• WHAT YOU SHOULD DO:
In the data below, reproduce everything exactly except the images.
------
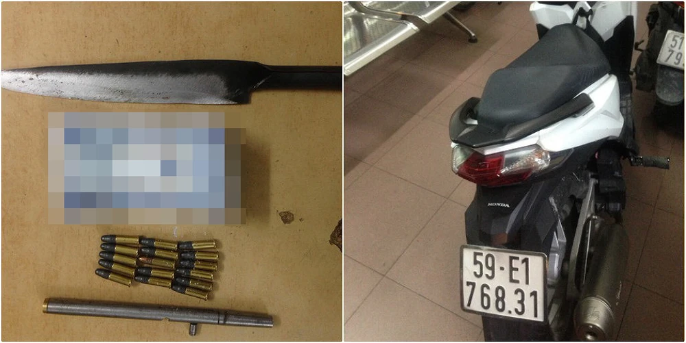 Tổ công tác phát hiện trong cốp xe của hai thanh niên này có một con dao dài khoảng 25 cm đầu sắc nhọn. Trong túi quần thanh niên ngồi sau có một cây súng. Trong túi xách của thanh niên ngồi sau có 16 viên đạn, một bịch nylon có chất bột màu trắng nghi ma túy gói trong tờ tiền 5.000 đồng.
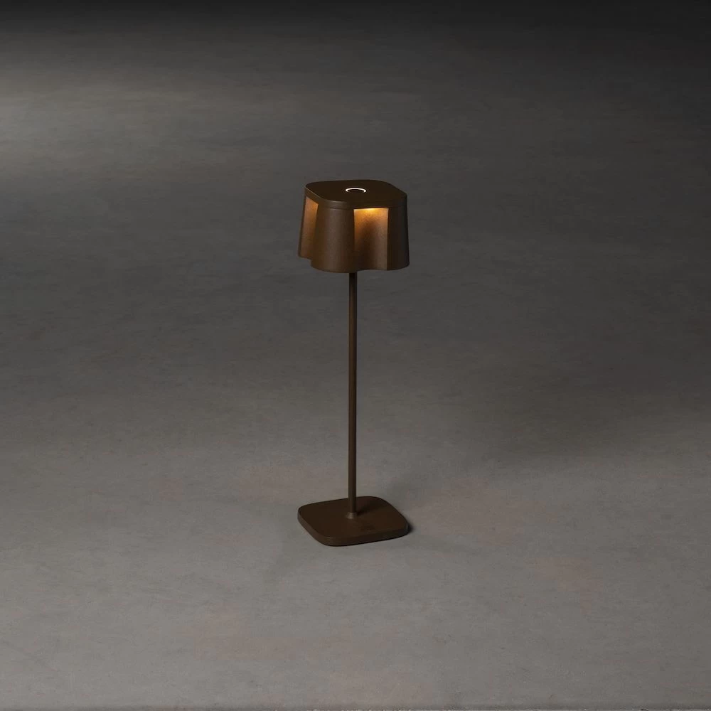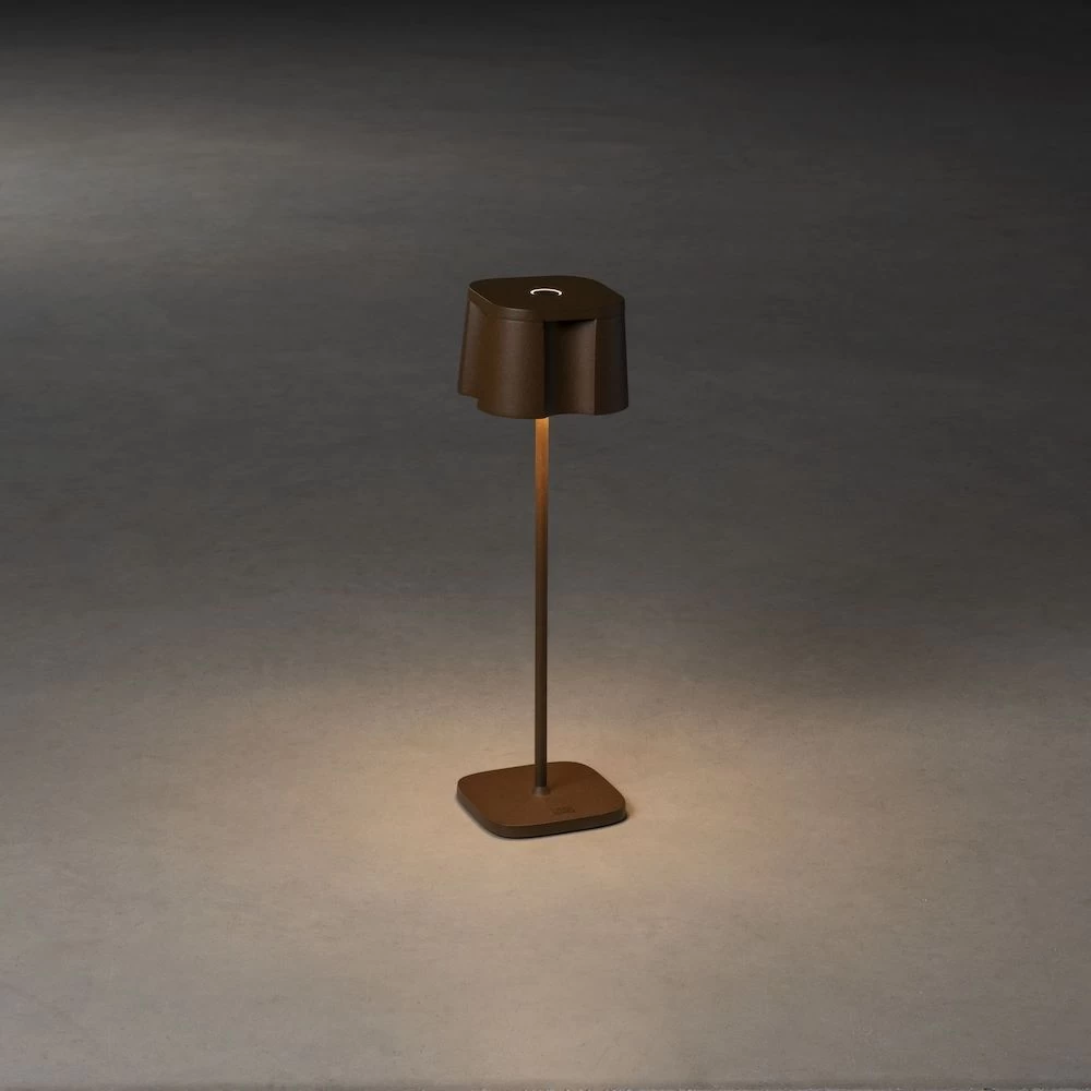 Die wunderschön geformte rostbraune LED Tischleuchte Nice erinnert in Ihrem Erscheinungsbild an die Falten eines Vorhanges, der sich sanft um das austretende Licht legt und macht ihrem Namen (Nice=Schön) damit alle Ehre. Ein außergewöhnliches Design made by Konstsmide! Das ausgefallene Äußere bildet einen schönen Blickfang auf einem Tisch auf Ihrer Terrasse oder bei der Gestaltung Ihres Aussenbereiches. Mit einer Schutzart von IP54 ist sie bestens als Outdoorleuchte geeignet. Aber auch im Innenbereich kann diese Leuchte verwendet werden. Aufgrund der Ausstattung der Tischlampe mit einem Akku erhalten Sie die Möglichkeit Nice immer wieder neu zu platzieren – auch im Wohnbereich. Wenn die Nächte nicht mehr zum verweilen auf der Terrasse einladen, holen Sie Ihre Lieblingsleuchte einfach herein und machen es sich im Innenbereich bequem.
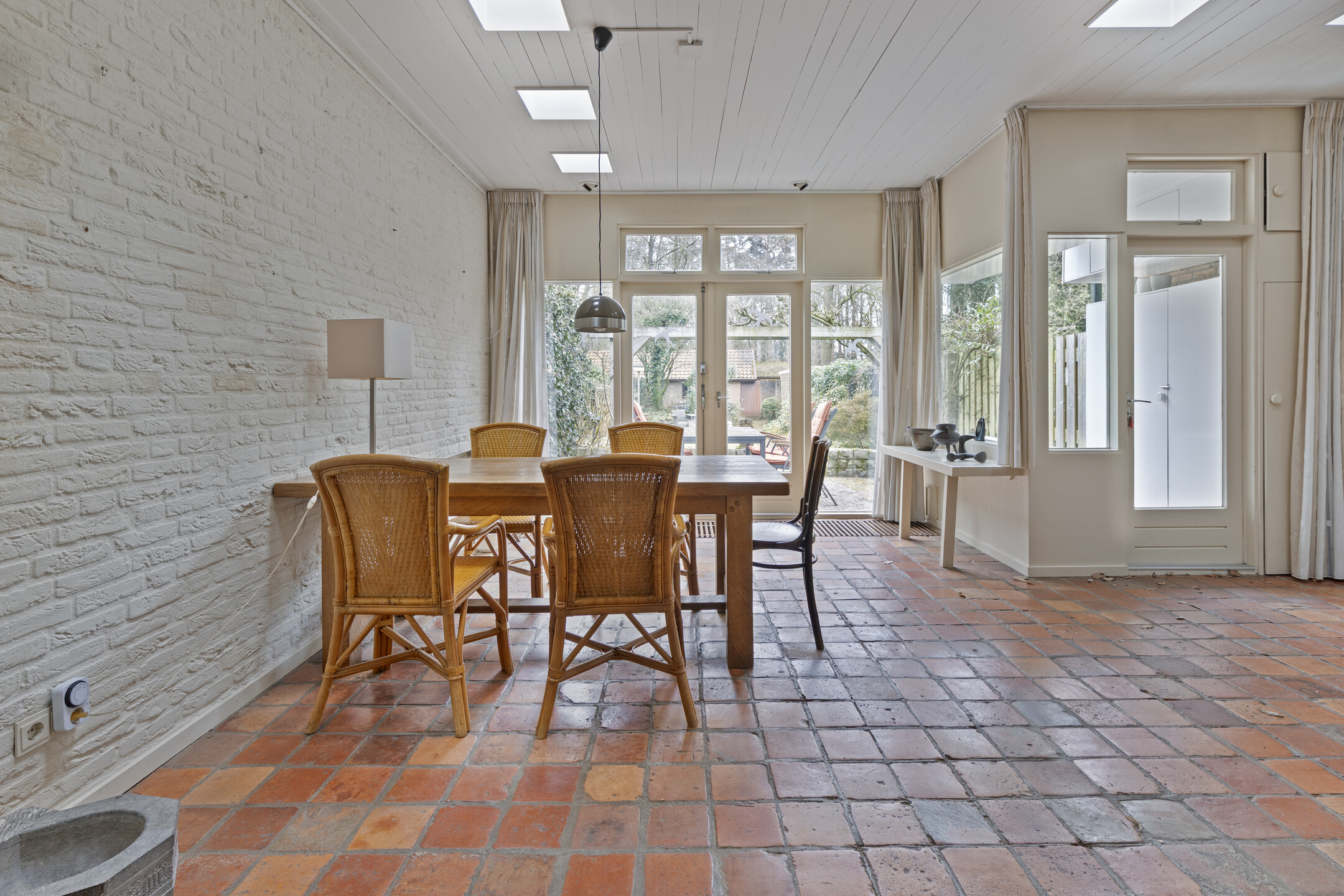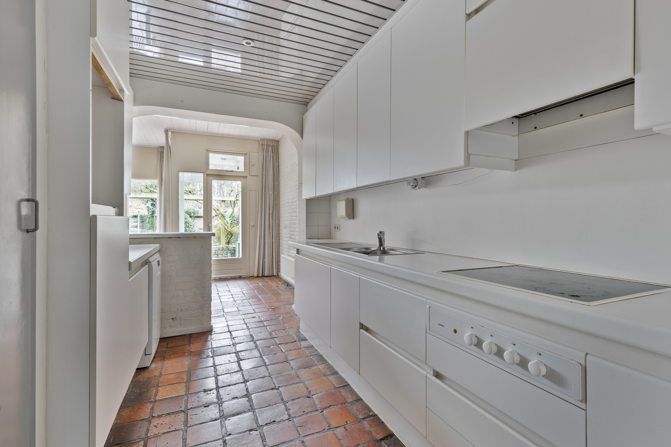 Achter de woonkamer bevindt zich de tuinkamer, een veelzijdige ruimte met direct zicht op de diepe achtertuin die eveneens verwarmd wordt via een convectorput. Deze ruimte leent zich perfect voor een grote woonkeuken. Met een directe verbinding naar de tuin en de mogelijkheid om hier een ruim kook- en eetgedeelte te realiseren, wordt dit het hart van de woning. De tuinkamer grenst aan de bestaande keuken, die nu nog een dubbele rechte opstelling heeft met veel kastruimte en is voorzien van een elektrische kookplaat, afzuigkap en koelkast. Door de keuken open te breken en te betrekken bij de tuinkamer, ontstaat een royale woonkeuken waar je heerlijk kunt koken en tafelen met uitzicht op de tuin. In zowel de keuken als de tuinkamer ligt een boeren plavuizen vloer.
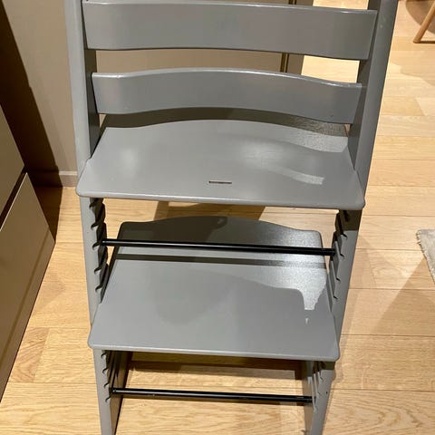 Stokke Steps barnestol i hvit og trefarget utførelse.
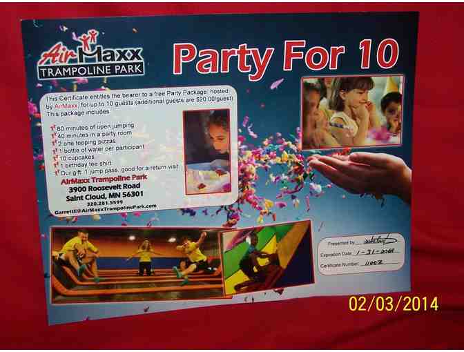 Great Birthday Party Idea! Good for 10. Includes 60 minutes of open jumping, 40 mintues in party room, 2 one topping pizza, 10 cupcakes, 1 bottle of water per participant and 1 free birthday t-shirt
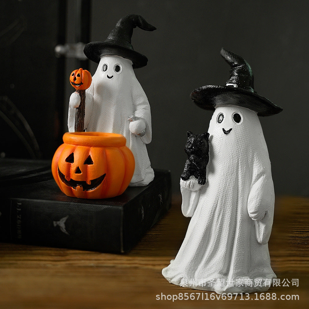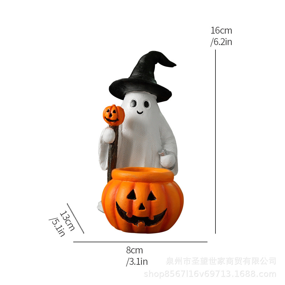 跨境万圣节南瓜法师幽灵装饰品俏皮可爱花园拍摄道具南瓜树脂摆件
------
• SOLVED EXERCISE:
 Tổ công tác phát hiện trong cốp xe của hai thanh niên này có một con dao dài khoảng 25 cm đầu sắc nhọn. Trong túi quần thanh niên ngồi sau có một cây súng. Trong túi xách của thanh niên ngồi sau có 16 viên đạn, một bịch nylon có chất bột màu trắng nghi ma túy gói trong tờ tiền 5.000 đồng.
 Die wunderschön geformte rostbraune LED Tischleuchte Nice erinnert in Ihrem Erscheinungsbild an die Falten eines Vorhanges, der sich sanft um das austretende Licht legt und macht ihrem Namen (Nice=Schön) damit alle Ehre. Ein außergewöhnliches Design made by Konstsmide! Das ausgefallene Äußere bildet einen schönen Blickfang auf einem Tisch auf Ihrer Terrasse oder bei der Gestaltung Ihres Aussenbereiches. Mit einer Schutzart von IP54 ist sie bestens als Outdoorleuchte geeignet. Aber auch im Innenbereich kann diese Leuchte verwendet werden. Aufgrund der Ausstattung der Tischlampe mit einem Akku erhalten Sie die Möglichkeit Nice immer wieder neu zu platzieren – auch im Wohnbereich. Wenn die Nächte nicht mehr zum verweilen auf der Terrasse einladen, holen Sie Ihre Lieblingsleuchte einfach herein und machen es sich im Innenbereich bequem.
 Achter de woonkamer bevindt zich de tuinkamer, een veelzijdige ruimte met direct zicht op de diepe achtertuin die eveneens verwarmd wordt via een convectorput. Deze ruimte leent zich perfect voor een grote woonkeuken. Met een directe verbinding naar de tuin en de mogelijkheid om hier een ruim kook- en eetgedeelte te realiseren, wordt dit het hart van de woning. De tuinkamer grenst aan de bestaande keuken, die nu nog een dubbele rechte opstelling heeft met veel kastruimte en is voorzien van een elektrische kookplaat, afzuigkap en koelkast. Door de keuken open te breken en te betrekken bij de tuinkamer, ontstaat een royale woonkeuken waar je heerlijk kunt koken en tafelen met uitzicht op de tuin. In zowel de keuken als de tuinkamer ligt een boeren plavuizen vloer.
 Stokke Steps barnestol i hvit og trefarget utførelse.
 Great Birthday Party Idea! Good for 10. Includes 60 minutes of open jumping, 40 mintues in party room, 2 one topping pizza, 10 cupcakes, 1 bottle of water per participant and 1 free birthday t-shirt
 跨境万圣节南瓜法师幽灵装饰品俏皮可爱花园拍摄道具南瓜树脂摆件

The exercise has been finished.